Tuesday, August 10, 2010

Individuality and Subjectivity

Is there any concept of the difference between individuality and subjectivity in Indian philosophy?
That is, does the critique of the concept of a subject also embed a critique of any possible individuality? Are individuality and subjectivity well distinguished in Western philosophy in general? And in Western common sense?

I just stumbled in this statement by Birgit Kellner (in her contribution to Hans-Dieter Klein's Der Begriff der Seele in der Philosophiegeschichte, 2005):
[…] hier wird kein Unterschied gemacht zwischen personenbezogenen Termen wie Eigennamen , "Person" oder "Seele", und dem Personalpronomen "ich" –eine Differenzierung von Subjektivität und Individualität ist zumindest in diesem Bereich buddhistischer Philosophie nicht auszumachen (B. Kellner, Der Begriff der Seele in der buddhistischen Philosophie, p. 192).
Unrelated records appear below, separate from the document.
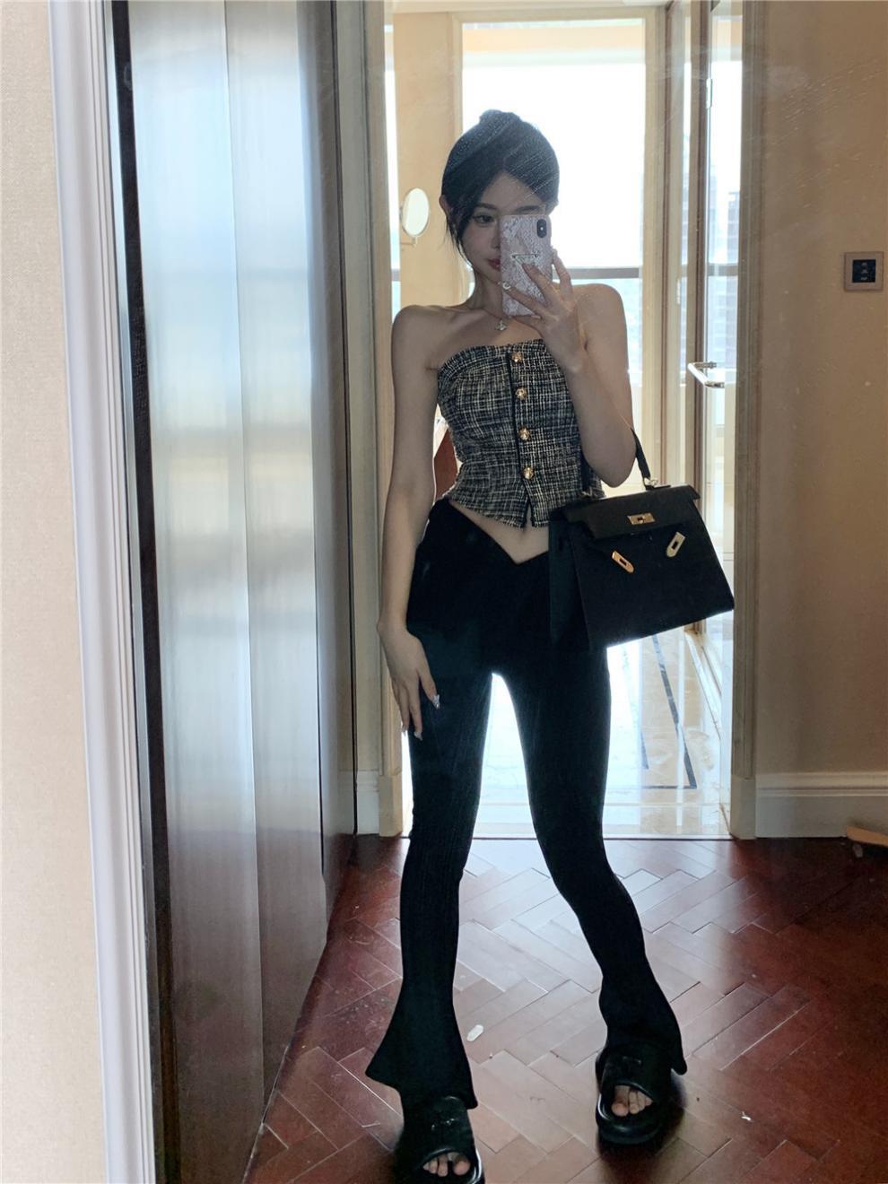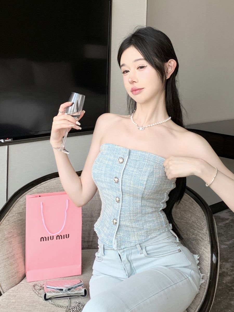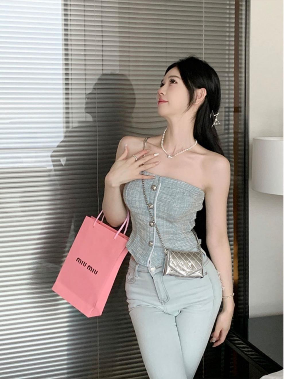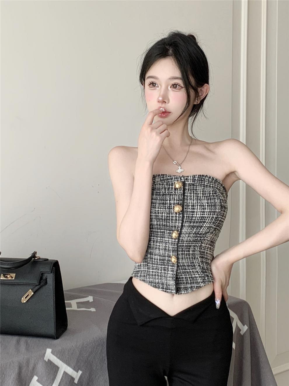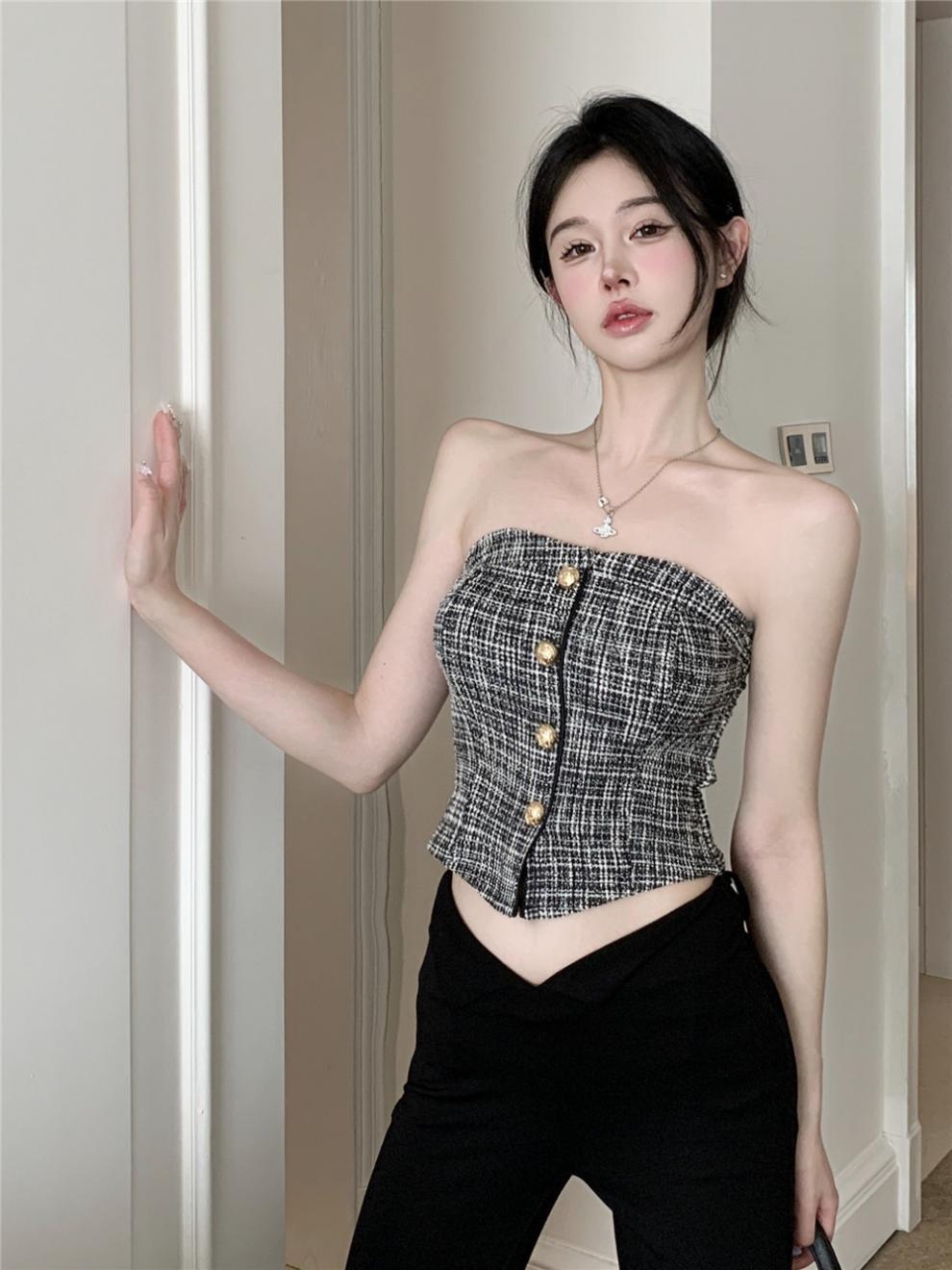 샤넬 스타일 우아한 튜브 탑 여성 여름 새로운 패션 서양식 사교계 슬림 슬리밍 짧은 최고 패션스토어 가기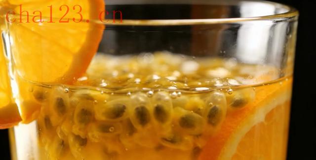 配方:百香果肉1个、橙子薄片2片、糖浆25ml、茉莉花茶200ml、满杯冰。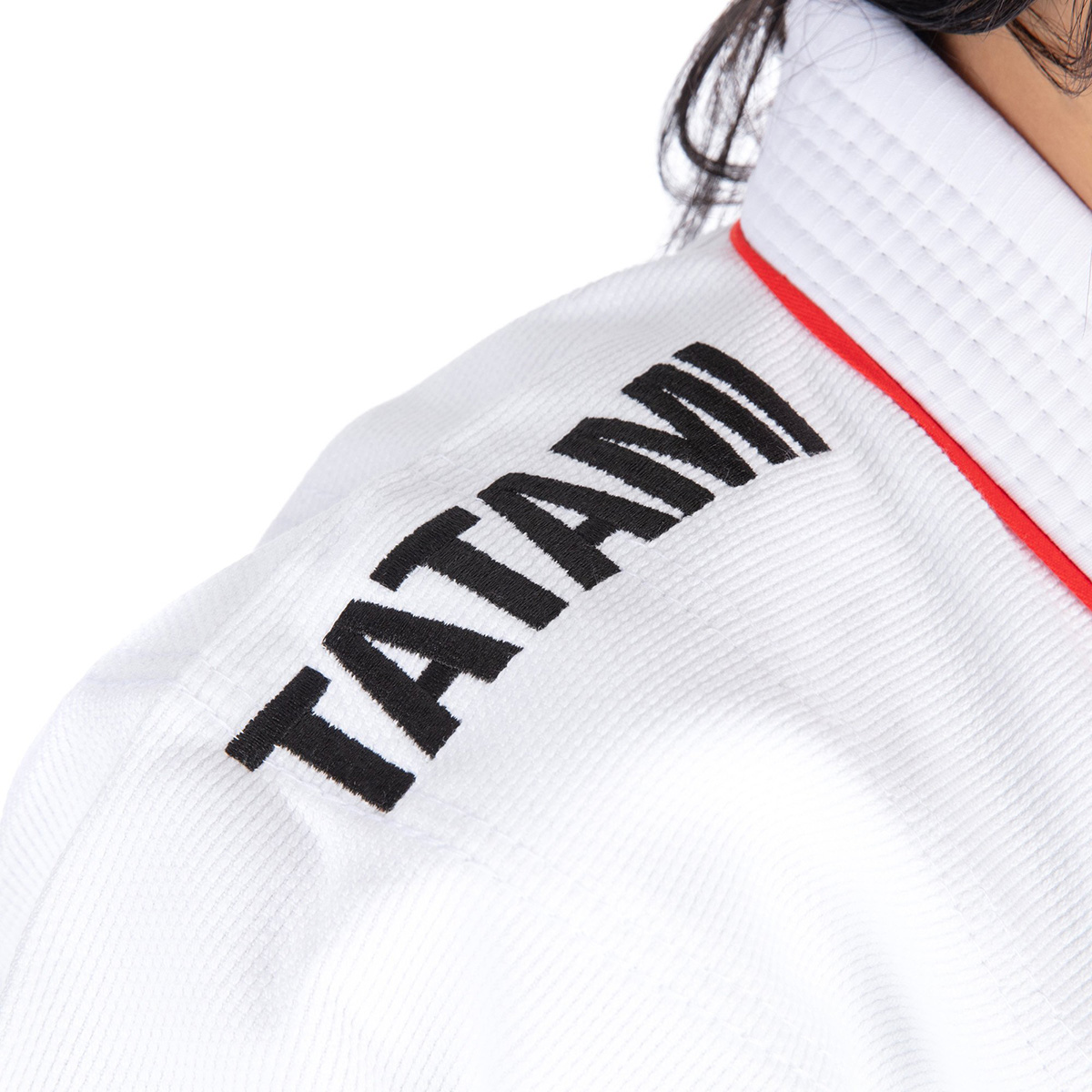 The Tatami Fightwear Women's Bushido BJJ Gi is part of Tatami's range of functional, lightweight and stylish gi. In line with the wider Bushido collection, this gi variant is an ode to the Asian influences in martial arts. This design includes embroidered Tatami patches on the shoulders, inside leg and lower jacket as well as the Bushido logo on the arm. The striking design on the Bushido is complete with a red strip on the end of the lapel. The gi itself features a 350 GSM jacket and 8 oz. ripstop pants for a lightweight and comfortable feel.

Kellner discusses here Vasubandhu's critique of the ātman in his Abhidharmakośa (chapter pudgalapratiṣedha) but her point is perhaps more general. In fact, whenever the aham ("I") is considered as different from the ātman, this is rather out of different concerns, primarily because it is a theorised concept (a vikalpa), and not something which could be directly and intuitively grasped.